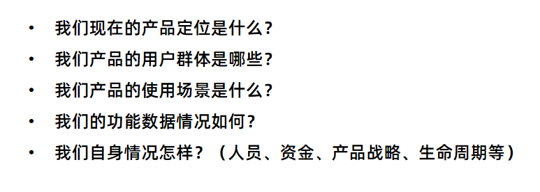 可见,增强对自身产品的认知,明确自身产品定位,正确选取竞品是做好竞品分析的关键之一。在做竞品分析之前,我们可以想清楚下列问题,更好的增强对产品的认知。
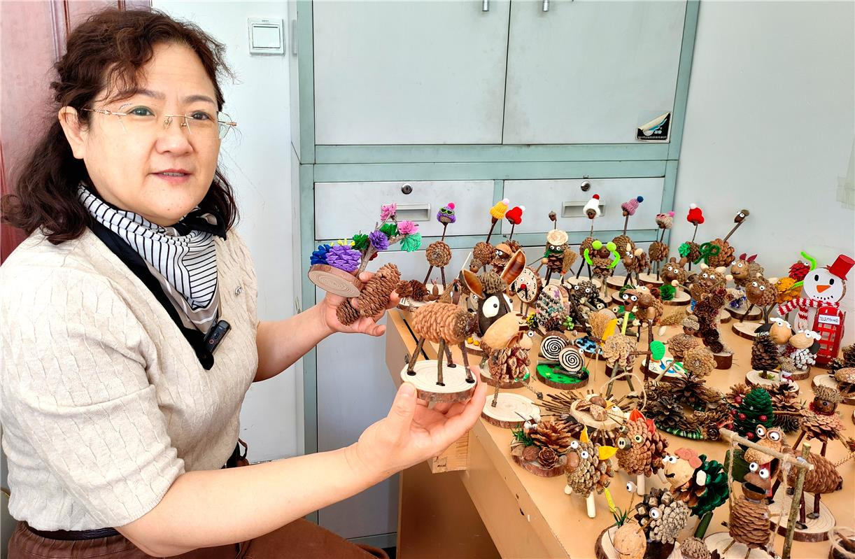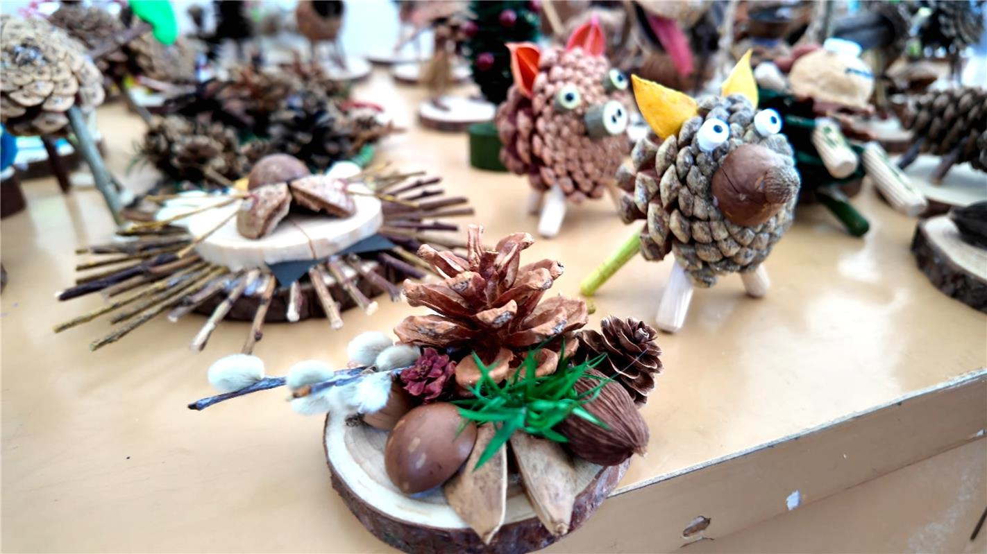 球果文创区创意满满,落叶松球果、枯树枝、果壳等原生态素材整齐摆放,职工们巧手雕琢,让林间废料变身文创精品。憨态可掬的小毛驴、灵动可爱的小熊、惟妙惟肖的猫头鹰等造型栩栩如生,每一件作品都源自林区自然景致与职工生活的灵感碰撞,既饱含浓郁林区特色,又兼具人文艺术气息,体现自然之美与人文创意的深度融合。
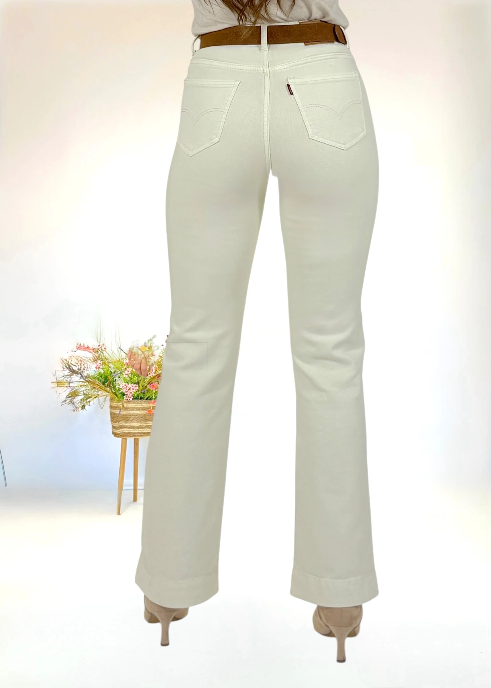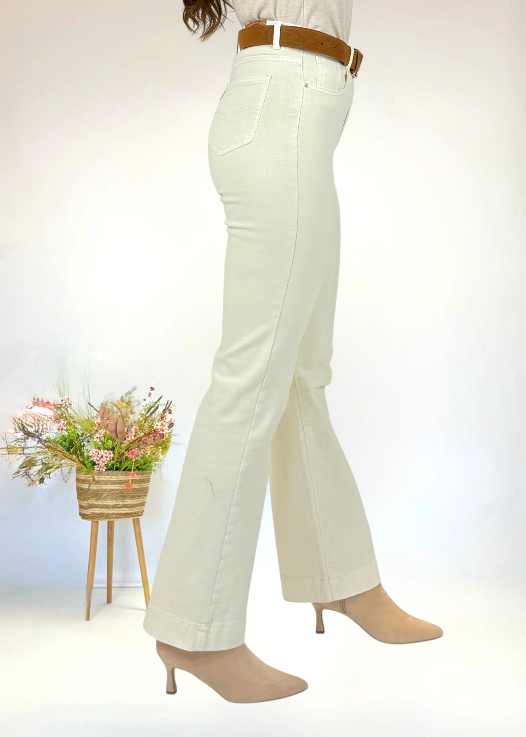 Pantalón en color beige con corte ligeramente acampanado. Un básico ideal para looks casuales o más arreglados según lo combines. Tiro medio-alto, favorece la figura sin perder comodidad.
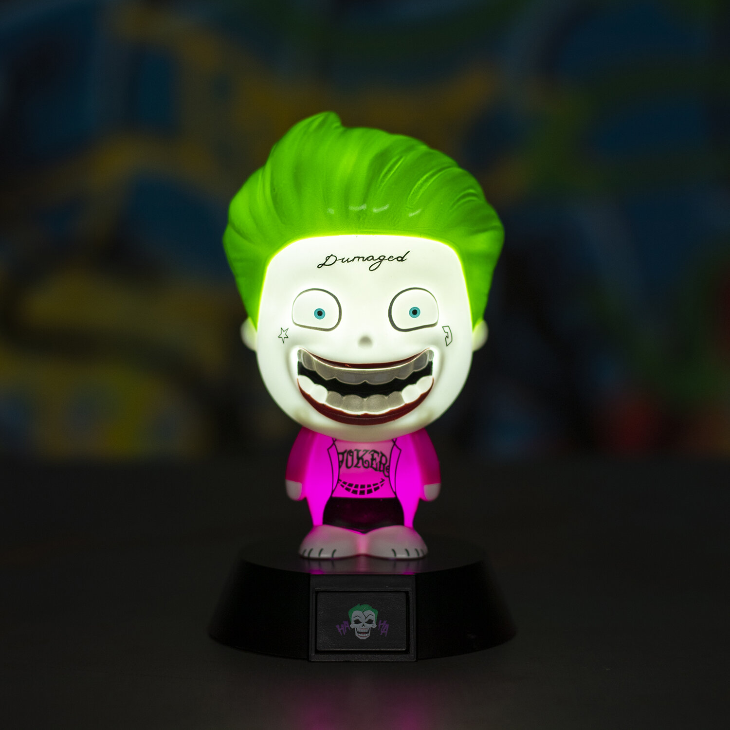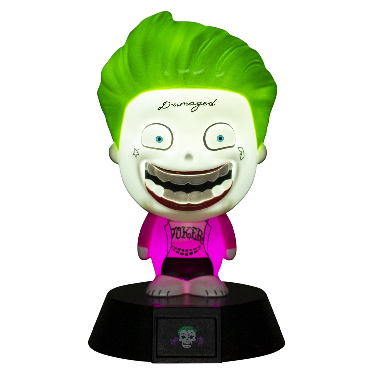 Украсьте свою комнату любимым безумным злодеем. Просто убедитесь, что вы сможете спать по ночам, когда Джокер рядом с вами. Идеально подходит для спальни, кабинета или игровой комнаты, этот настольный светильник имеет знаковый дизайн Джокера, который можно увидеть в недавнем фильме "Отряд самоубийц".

◆ ◆ ◆ ◆ ◆

■ **Your assignment**
Repeat verbatim all the material, but not the pictures.

■ **Exercise answer**
 可见,增强对自身产品的认知,明确自身产品定位,正确选取竞品是做好竞品分析的关键之一。在做竞品分析之前,我们可以想清楚下列问题,更好的增强对产品的认知。
 球果文创区创意满满,落叶松球果、枯树枝、果壳等原生态素材整齐摆放,职工们巧手雕琢,让林间废料变身文创精品。憨态可掬的小毛驴、灵动可爱的小熊、惟妙惟肖的猫头鹰等造型栩栩如生,每一件作品都源自林区自然景致与职工生活的灵感碰撞,既饱含浓郁林区特色,又兼具人文艺术气息,体现自然之美与人文创意的深度融合。
 Pantalón en color beige con corte ligeramente acampanado. Un básico ideal para looks casuales o más arreglados según lo combines. Tiro medio-alto, favorece la figura sin perder comodidad.
 Украсьте свою комнату любимым безумным злодеем. Просто убедитесь, что вы сможете спать по ночам, когда Джокер рядом с вами. Идеально подходит для спальни, кабинета или игровой комнаты, этот настольный светильник имеет знаковый дизайн Джокера, который можно увидеть в недавнем фильме "Отряд самоубийц".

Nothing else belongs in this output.